Panel B: Deep Packet Inspection - Under the Magnifying Glass

Deep Packet Inspection, or DPI, is a next-generation technology that is capable of inspecting every byte of every packet that passes through the DPI device - packet headers, types of applications, and actual packet content. As a technological solution, DPI is a fundamental tool for network managers - it enables network security and network access control. It also offers a possible tool for authorities or organizations that wish to monitor or restrict particular traffic or content, enabling as it does lawful access compliance, quality of service and DRM enforcement.

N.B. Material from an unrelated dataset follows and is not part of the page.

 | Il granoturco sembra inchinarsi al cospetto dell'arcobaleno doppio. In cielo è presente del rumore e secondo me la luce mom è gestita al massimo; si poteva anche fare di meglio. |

If we expand our perspective to incorporate the challenges posed by the renewed copyright legislation, lawful access, behavioral targeting, traffic shaping and the monitoring of civilian communications under the auspices of the national security imperative, then DPI is a technology that can fundamentally alter how Canadians are able to access and profit from information available online. This session will examine some of the fundamental issues raised by the use of DPI technology, including those of accountability, transparency, and democratic control and oversight.

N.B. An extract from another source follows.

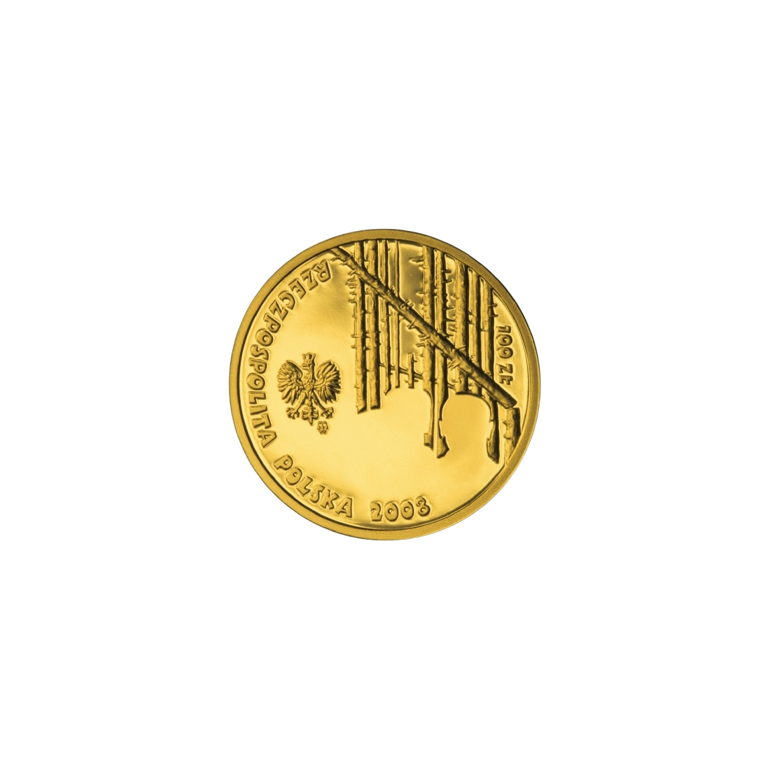 Na awersie znajduje się orzeł Rzeczypospolitej Polskiej, a po prawej sylwetki osób na tle pni drzew – symbol przetrwania. Pionowa inskrypcja „100 ZŁ”, rok emisji i oznaczenie mennicy pod lewą łapą orła to elementy nadające autentyczności i klasy.

Moderator: Bruce Phillips*, Former Privacy Commissioner of Canada
Speakers:

1. Steven Johnson, Privacy Commissioner's Office
2. Suzanne Morin, Bell Regulatory Affairs
3. Sponsor

Panel C: Fusion Centres - What Happens When it All Comes Together?

Fusion centers are a rapidly emerging public-private Information Sharing Environment being built to help manage critical infrastructure and terrorism risks, but privacy policies and controls need attention. These centres are bringing together information and intelligence from public, classified and sensitive but unclassified sources.

This session will provide an overview of how the various pieces of this growing information sharing fabric fit together, describe privacy issues associated with this growing information sharing model, and discuss mechanisms used (or in some cases badly needed) by government and industry to identify and manage the privacy risks associated with the use of personal information for critical infrastructure protection.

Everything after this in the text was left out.